> **Extracted entries**:
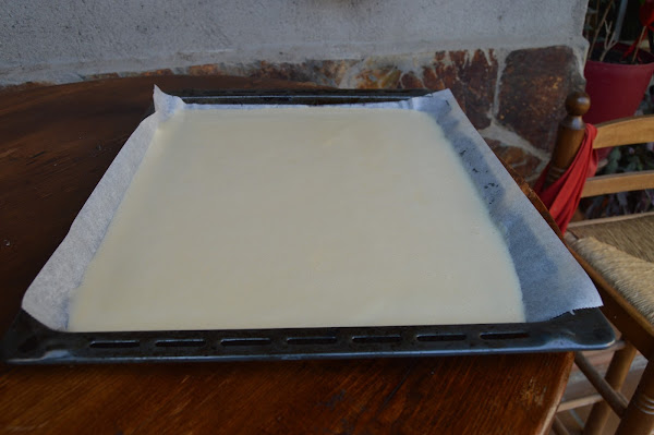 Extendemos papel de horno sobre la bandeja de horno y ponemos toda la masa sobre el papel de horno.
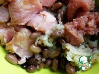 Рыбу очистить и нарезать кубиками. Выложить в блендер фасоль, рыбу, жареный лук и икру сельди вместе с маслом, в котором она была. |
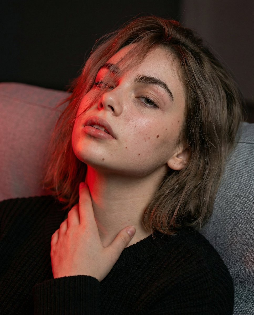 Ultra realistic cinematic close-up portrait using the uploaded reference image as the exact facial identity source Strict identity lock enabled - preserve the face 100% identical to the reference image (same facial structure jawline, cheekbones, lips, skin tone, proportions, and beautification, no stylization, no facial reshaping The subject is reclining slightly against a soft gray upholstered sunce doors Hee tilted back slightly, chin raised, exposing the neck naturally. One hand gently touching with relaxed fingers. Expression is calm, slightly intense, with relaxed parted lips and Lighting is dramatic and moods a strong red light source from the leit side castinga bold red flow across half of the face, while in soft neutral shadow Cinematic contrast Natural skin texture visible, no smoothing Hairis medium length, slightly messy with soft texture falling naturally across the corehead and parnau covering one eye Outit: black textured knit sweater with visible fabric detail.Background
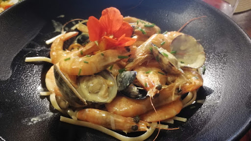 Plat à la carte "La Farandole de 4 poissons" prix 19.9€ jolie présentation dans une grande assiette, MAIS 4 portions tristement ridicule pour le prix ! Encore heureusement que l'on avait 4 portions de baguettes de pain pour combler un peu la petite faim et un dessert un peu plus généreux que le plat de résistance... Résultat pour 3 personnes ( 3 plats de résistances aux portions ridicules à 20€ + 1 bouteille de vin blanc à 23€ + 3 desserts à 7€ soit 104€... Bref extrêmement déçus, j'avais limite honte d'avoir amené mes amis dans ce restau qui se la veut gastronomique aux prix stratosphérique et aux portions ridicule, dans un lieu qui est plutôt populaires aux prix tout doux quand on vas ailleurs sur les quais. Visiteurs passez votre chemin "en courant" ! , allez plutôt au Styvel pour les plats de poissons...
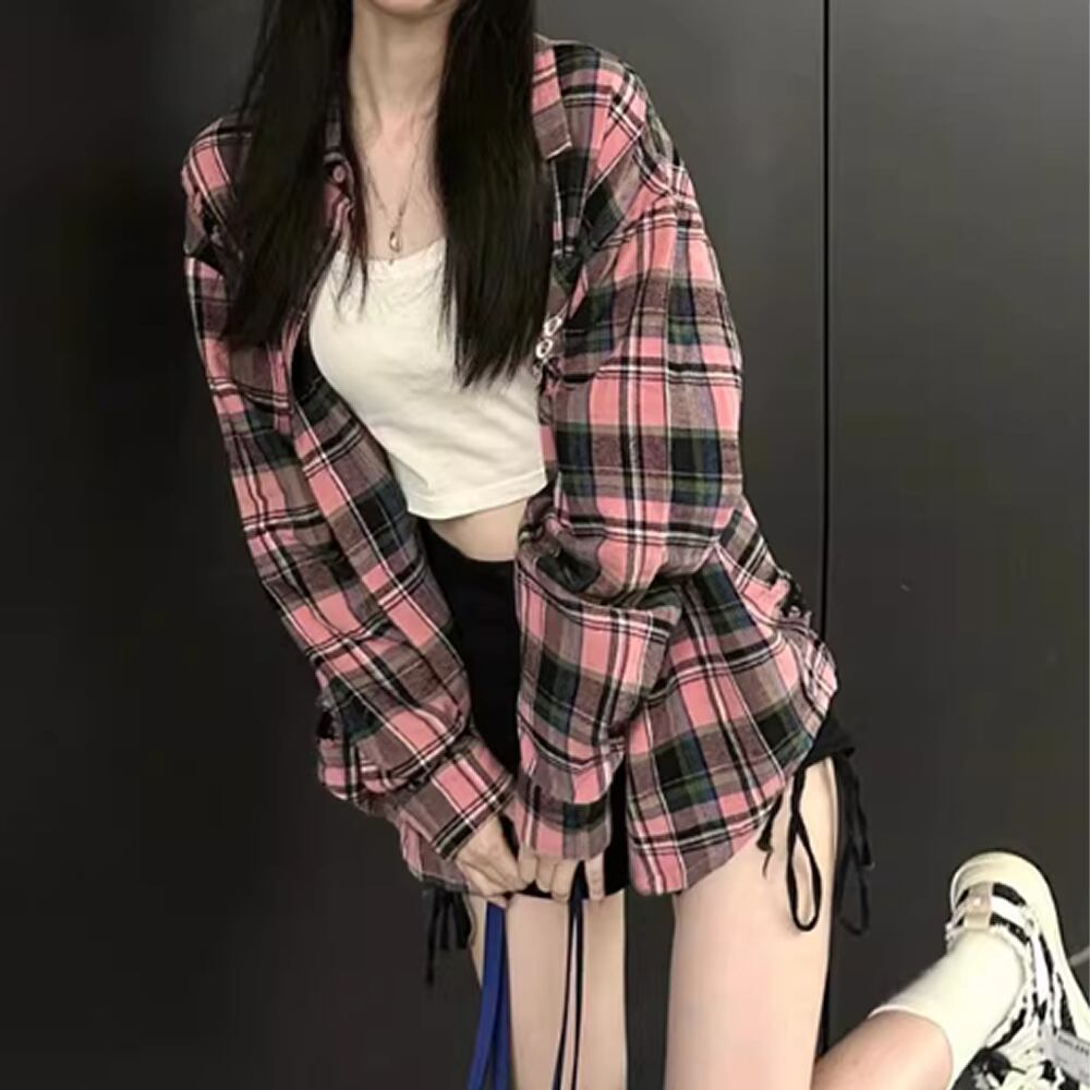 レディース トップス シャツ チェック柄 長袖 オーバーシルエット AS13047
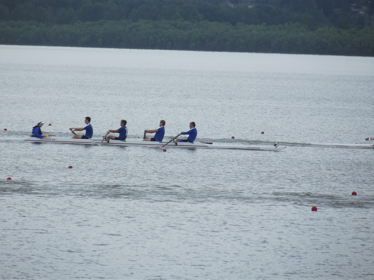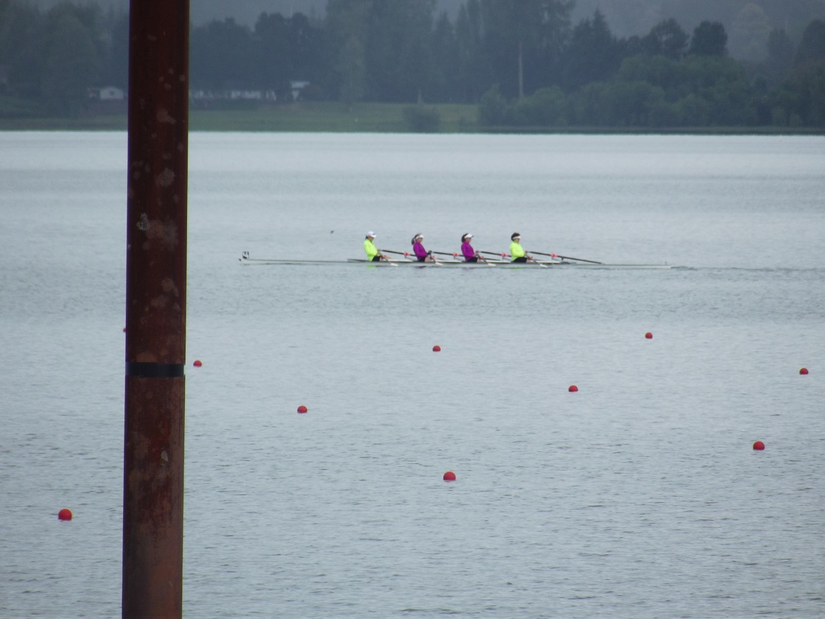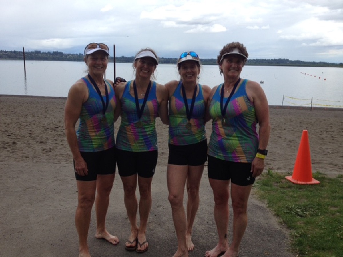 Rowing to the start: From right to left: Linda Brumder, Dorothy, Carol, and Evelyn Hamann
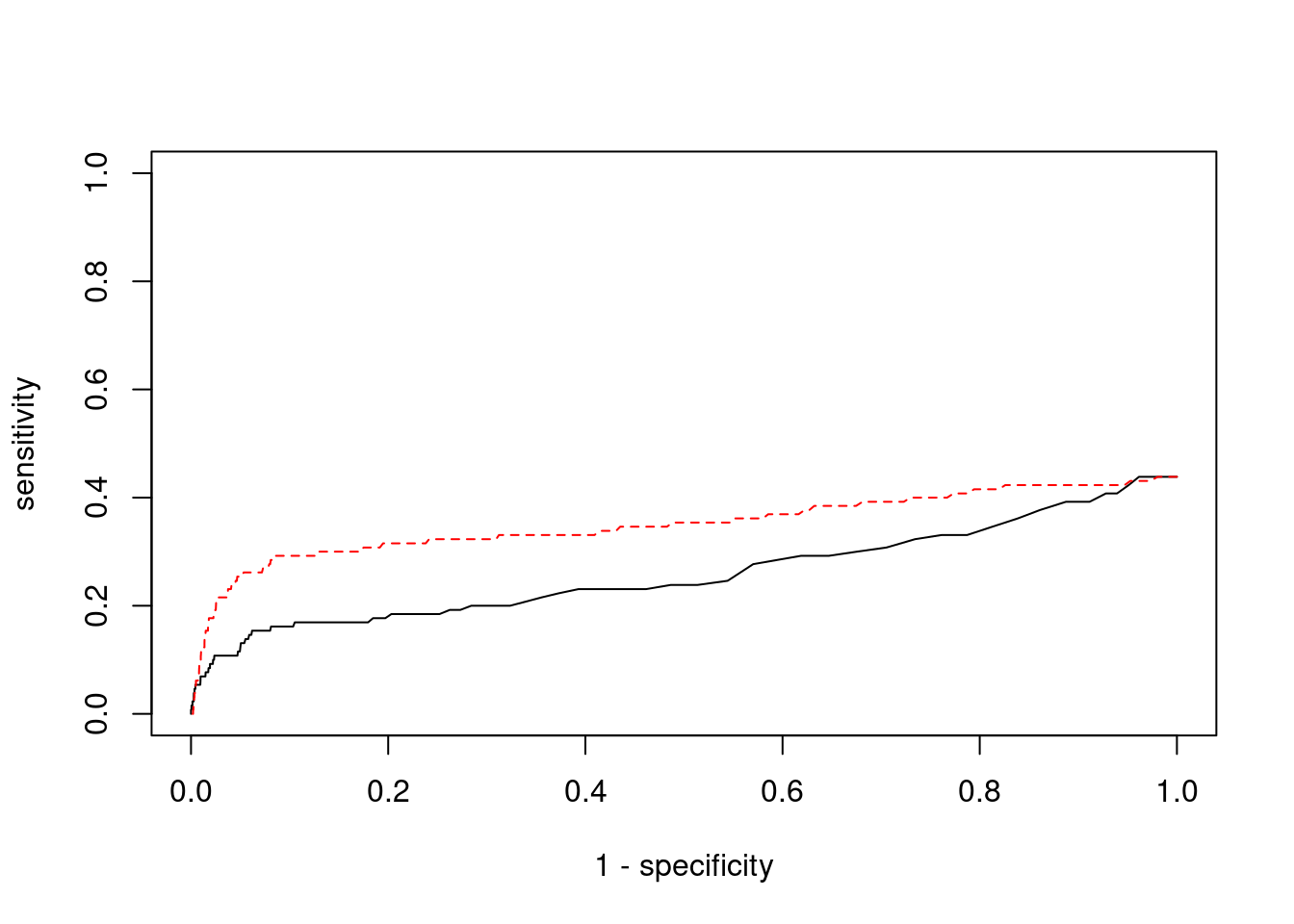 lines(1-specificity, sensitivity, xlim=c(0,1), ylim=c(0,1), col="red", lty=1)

> **Required work**: Pictures excluded, repeat the records exactly from their opening line through the line containing "Рыбу очистить и".

> **Exercise response**:
 Extendemos papel de horno sobre la bandeja de horno y ponemos toda la masa sobre el papel de horno.
 Рыбу очистить и нарезать кубиками. Выложить в блендер фасоль, рыбу, жареный лук и икру сельди вместе с маслом, в котором она была. |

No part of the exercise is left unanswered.